DATA FOR REVIEW
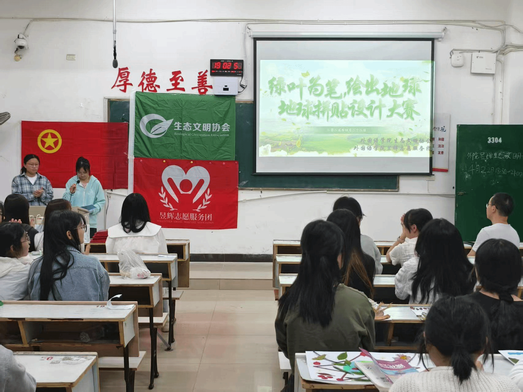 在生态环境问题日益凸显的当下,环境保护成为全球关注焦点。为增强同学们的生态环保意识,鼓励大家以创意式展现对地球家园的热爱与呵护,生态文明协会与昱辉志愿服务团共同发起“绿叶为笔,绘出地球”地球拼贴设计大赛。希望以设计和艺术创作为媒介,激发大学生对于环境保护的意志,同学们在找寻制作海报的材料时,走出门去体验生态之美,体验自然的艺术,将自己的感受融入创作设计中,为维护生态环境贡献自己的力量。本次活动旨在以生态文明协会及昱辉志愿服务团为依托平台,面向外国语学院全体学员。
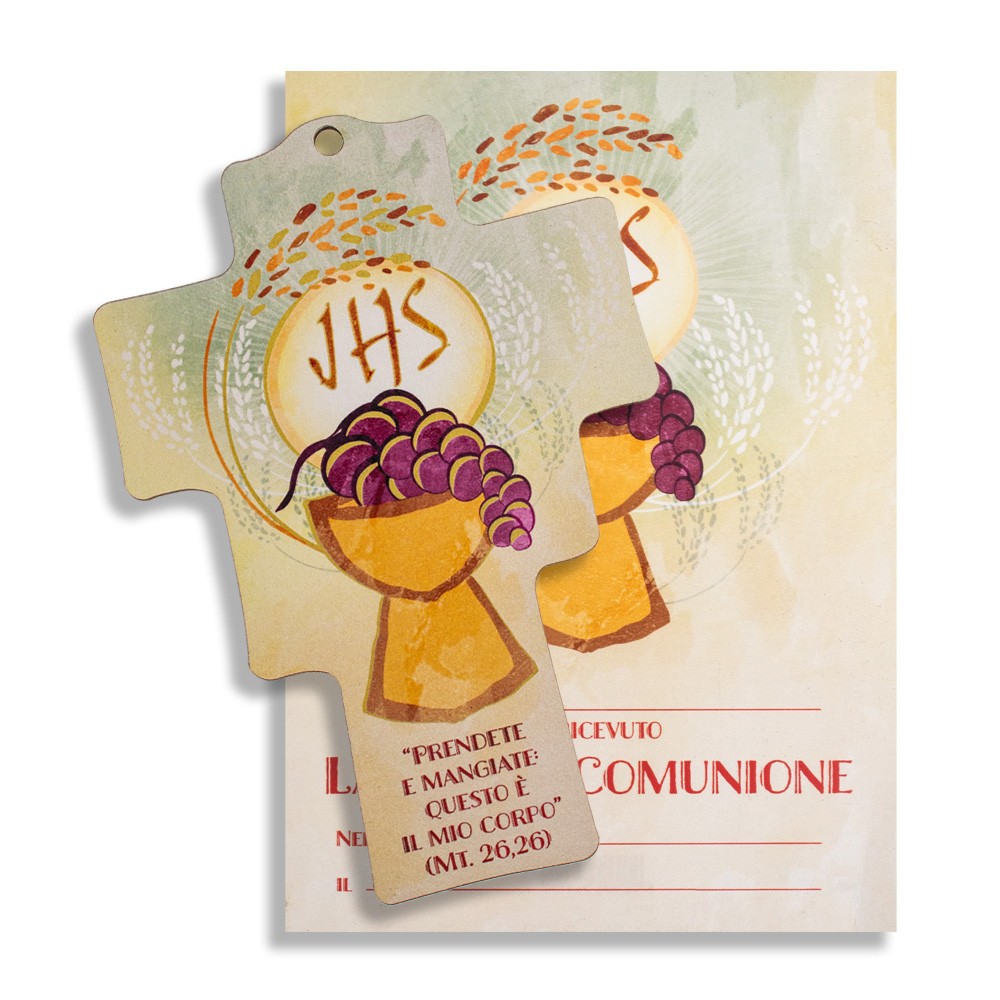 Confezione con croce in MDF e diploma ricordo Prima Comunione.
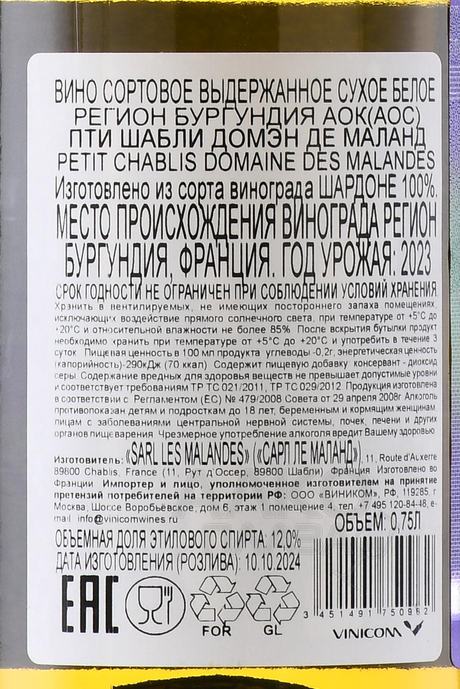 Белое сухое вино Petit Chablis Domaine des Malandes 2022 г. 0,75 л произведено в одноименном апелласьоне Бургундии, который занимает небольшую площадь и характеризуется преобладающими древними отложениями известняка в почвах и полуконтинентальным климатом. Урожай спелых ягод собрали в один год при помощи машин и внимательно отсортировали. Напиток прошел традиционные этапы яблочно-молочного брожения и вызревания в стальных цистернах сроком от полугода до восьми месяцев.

---

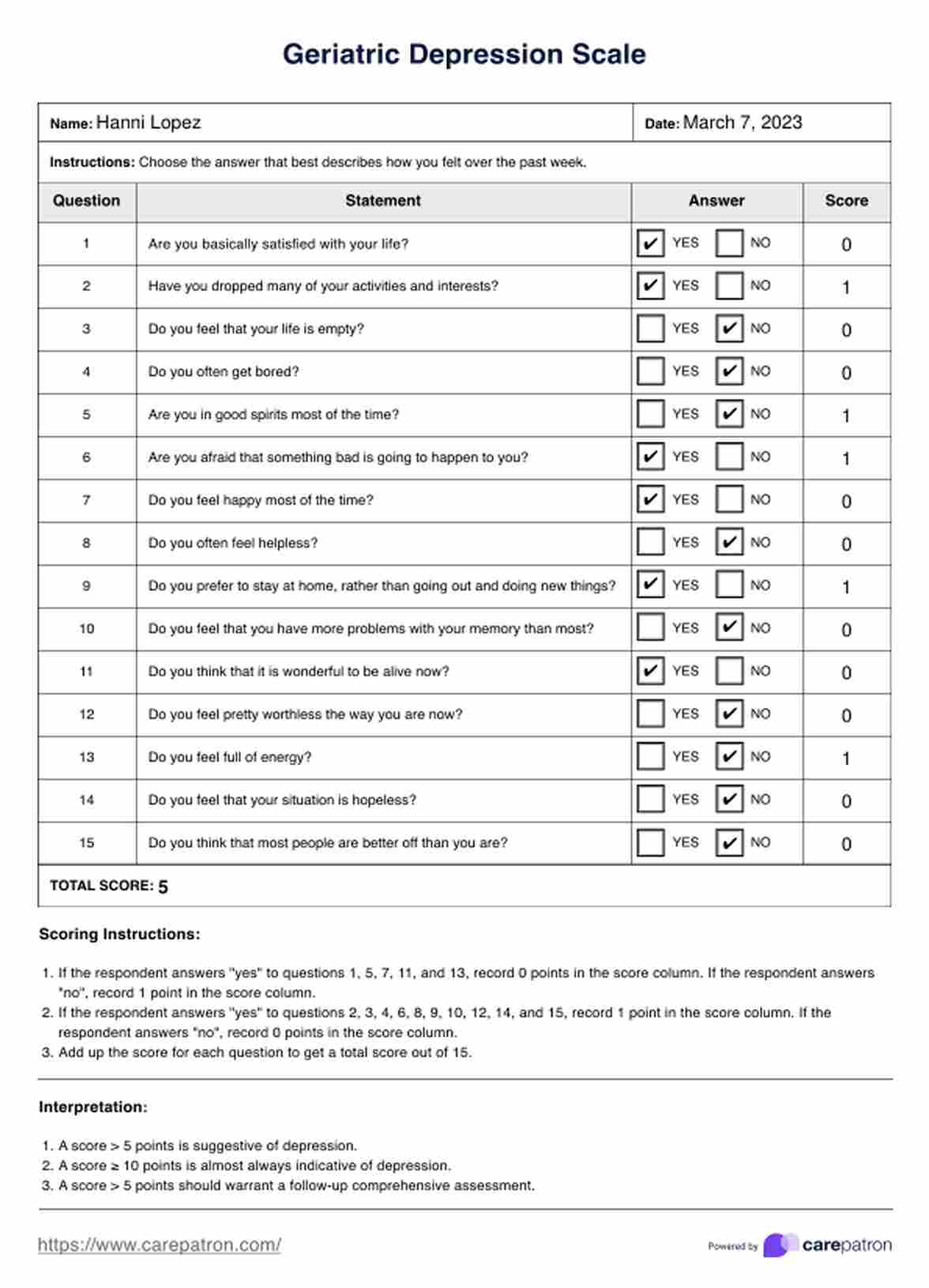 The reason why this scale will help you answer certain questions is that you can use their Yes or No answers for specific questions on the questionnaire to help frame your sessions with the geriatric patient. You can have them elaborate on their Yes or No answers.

PROBLEM DETAILS
Nothing outside the stretch above, from the line with "在生态环境问题日益凸显的当下" through the line with "Белое сухое вино", is set down. Transcribe that stretch exactly, ends included, but not its pictures.

FINAL ANSWER
 在生态环境问题日益凸显的当下,环境保护成为全球关注焦点。为增强同学们的生态环保意识,鼓励大家以创意式展现对地球家园的热爱与呵护,生态文明协会与昱辉志愿服务团共同发起“绿叶为笔,绘出地球”地球拼贴设计大赛。希望以设计和艺术创作为媒介,激发大学生对于环境保护的意志,同学们在找寻制作海报的材料时,走出门去体验生态之美,体验自然的艺术,将自己的感受融入创作设计中,为维护生态环境贡献自己的力量。本次活动旨在以生态文明协会及昱辉志愿服务团为依托平台,面向外国语学院全体学员。
 Confezione con croce in MDF e diploma ricordo Prima Comunione.
 Белое сухое вино Petit Chablis Domaine des Malandes 2022 г. 0,75 л произведено в одноименном апелласьоне Бургундии, который занимает небольшую площадь и характеризуется преобладающими древними отложениями известняка в почвах и полуконтинентальным климатом. Урожай спелых ягод собрали в один год при помощи машин и внимательно отсортировали. Напиток прошел традиционные этапы яблочно-молочного брожения и вызревания в стальных цистернах сроком от полугода до восьми месяцев.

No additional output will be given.